June U.S. cutting tool consumption totaled $186.57 million according to the U.S. Cutting Tool Institute (USCTI) and AMT – The Association For Manufacturing Technology. AMT and USCTI represent companies that develop, produce, and distribute cutting tool technology and products.
These numbers for June are down 2.8 percent from May, but up 6 percent when compared with totals from a year ago. With a year-to-date total of $1.095 billion, 2017 is up 5.8 percent when compared with 2016.
These numbers are based on information collected from companies participating in the Cutting Tool Market Report (CTMR) program. Officials are pointing to an economy demonstrating slow, but steady growth and buoyed by higher consumer confidence as contributing to the strong sales numbers, which they feel should continue throughout 2017.

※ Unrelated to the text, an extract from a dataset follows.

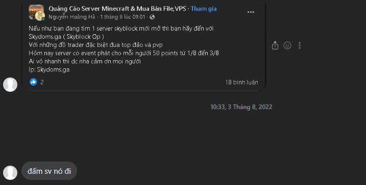 , nay lên vạch mặt nó ra cho ae xemThứ nhất th nhóc này hồi còn ở sky2 đảo cỏ , mình có được em mình bảo vào chơi xong cũng nt qua với nó rồi ib lên fb , nó có xin mình làm sv. Và mình oke , ban đầu chỉ định cho nó làm configer thôi , sau này bắt đầu thân lên thì mình mời nó làm owner cùng luôn , nhưng th ngu này nó cứ tưởng nó hay , plugin thì toàn xin còn kêu mình đi mua , xin về cho nó sài ?

In particular, manufacturers and distributors of these tools are seeing automotive and aerospace manufacturing at the forefront of the increased demand. However, the market is still looking for improvement from the housing, agricultural/off-road, and energy markets – especially gas and oil.
Insights
The cutting tool market appears to be a synopsis of the overall manufacturing marketplace. Automotive and aerospace manufacturing are up due to increased government spending and innovative technologies. Despite concerns about the housing market, it remains healthy, but has been operating a “new normal” over the past five years in which there have been a record number of new housing starts.
The energy markets represent somewhat of a paradox. In general lower prices are good for consumers at all levels, which encourages stronger, across-the-board spending. However, lower prices spurred by strong inventory levels and more efficient consumption translates to uneven ebbs and flows in production. While the U.S. is producing more oil, prices are down, which translates to lower profit margins and less internal investment.